■ Problem statement:
Pictures are to be left out; otherwise, copy exactly the lines from the line containing "巴萨进入欧冠四强的几率高达6" through the end of the data.

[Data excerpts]
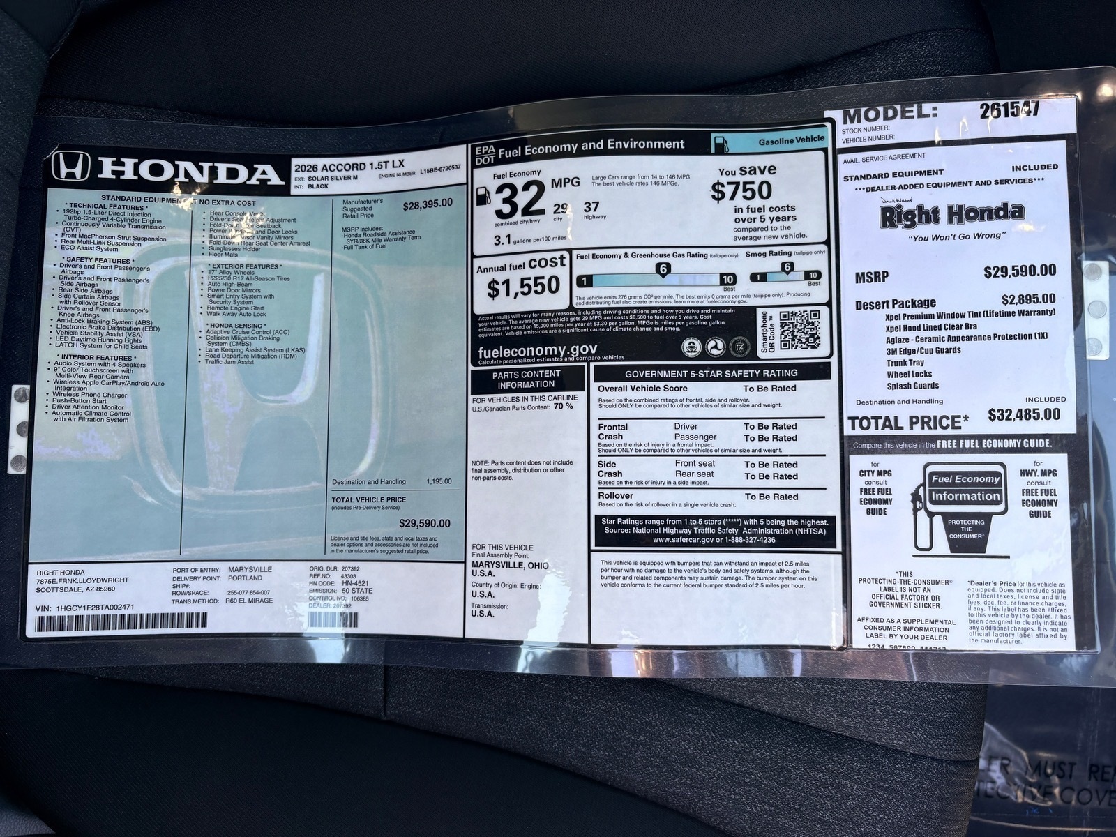 2026 Honda Accord LX at Right Honda
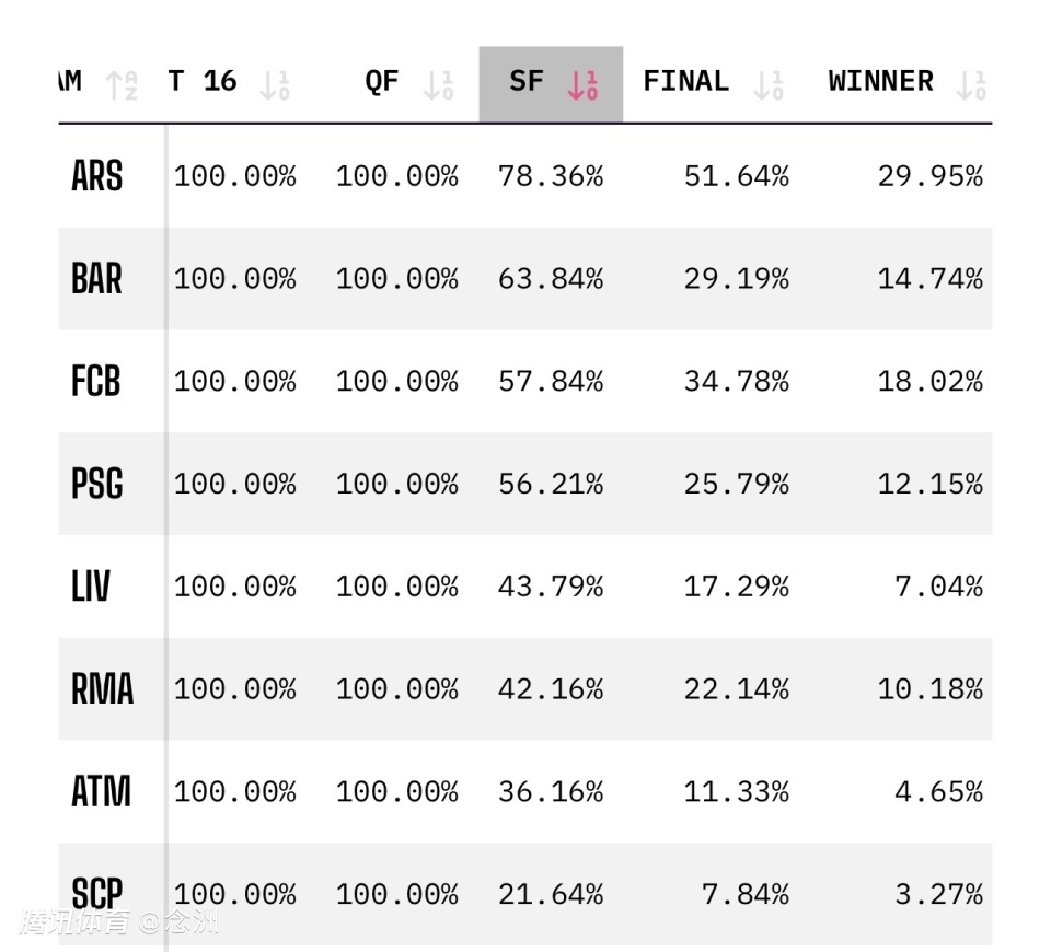 巴萨进入欧冠四强的几率高达63.48%,可见大数据是有多不看好马竞了。阿森纳则更轻松,淘汰葡萄牙体育的几率为78.36%。
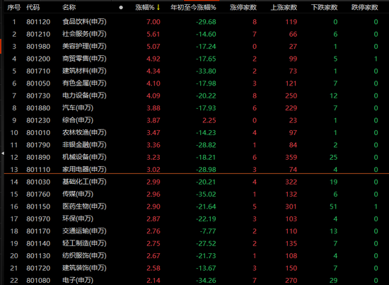 板块方面,除了国防军工微跌,其余30个申万一级行业板块全线飘红。大消费“爆发”,食品饮料板块收涨7%,社会服务、美容护理涨幅均超过5%,商贸零售、建筑材料、有色金属、电力设备涨幅超过4%,汽车、农林牧渔、非银金融、机械设备、家用电器板块涨幅超过3%。
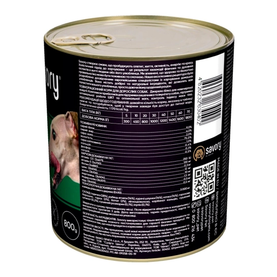 Характеристики для Влажный корм Savory для взрослых собак всех пород, с четырьмя видами мяса, 800 г (30402)
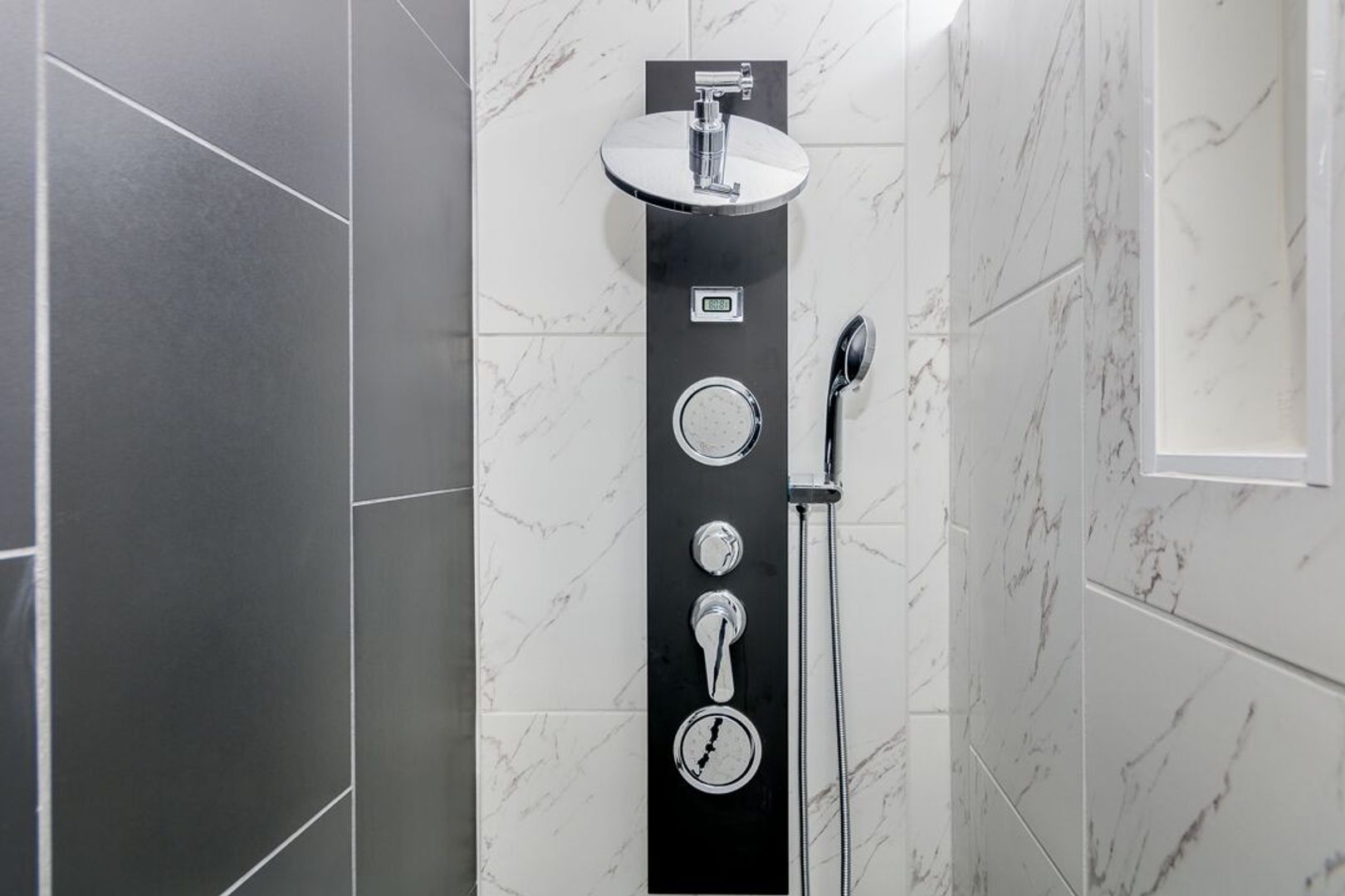 Walk-in shower with multiple jets & LCD temperature gauge
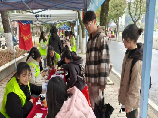 3月9日,数学与统计学院青年志愿者服务大队在湖师大道组织的“学雷锋·青春志愿行”嘉年华中举办“医数同行,健康守护”特色活动。此次活动积极响应健康中国战略,以独特新颖的活动形式,下设七个不同的游戏环节,将数学知识与医疗健康相结合,吸引了众多师生积极参与。

■ Answer for the task:
 巴萨进入欧冠四强的几率高达63.48%,可见大数据是有多不看好马竞了。阿森纳则更轻松,淘汰葡萄牙体育的几率为78.36%。
 板块方面,除了国防军工微跌,其余30个申万一级行业板块全线飘红。大消费“爆发”,食品饮料板块收涨7%,社会服务、美容护理涨幅均超过5%,商贸零售、建筑材料、有色金属、电力设备涨幅超过4%,汽车、农林牧渔、非银金融、机械设备、家用电器板块涨幅超过3%。
 Характеристики для Влажный корм Savory для взрослых собак всех пород, с четырьмя видами мяса, 800 г (30402)
 Walk-in shower with multiple jets & LCD temperature gauge
 3月9日,数学与统计学院青年志愿者服务大队在湖师大道组织的“学雷锋·青春志愿行”嘉年华中举办“医数同行,健康守护”特色活动。此次活动积极响应健康中国战略,以独特新颖的活动形式,下设七个不同的游戏环节,将数学知识与医疗健康相结合,吸引了众多师生积极参与。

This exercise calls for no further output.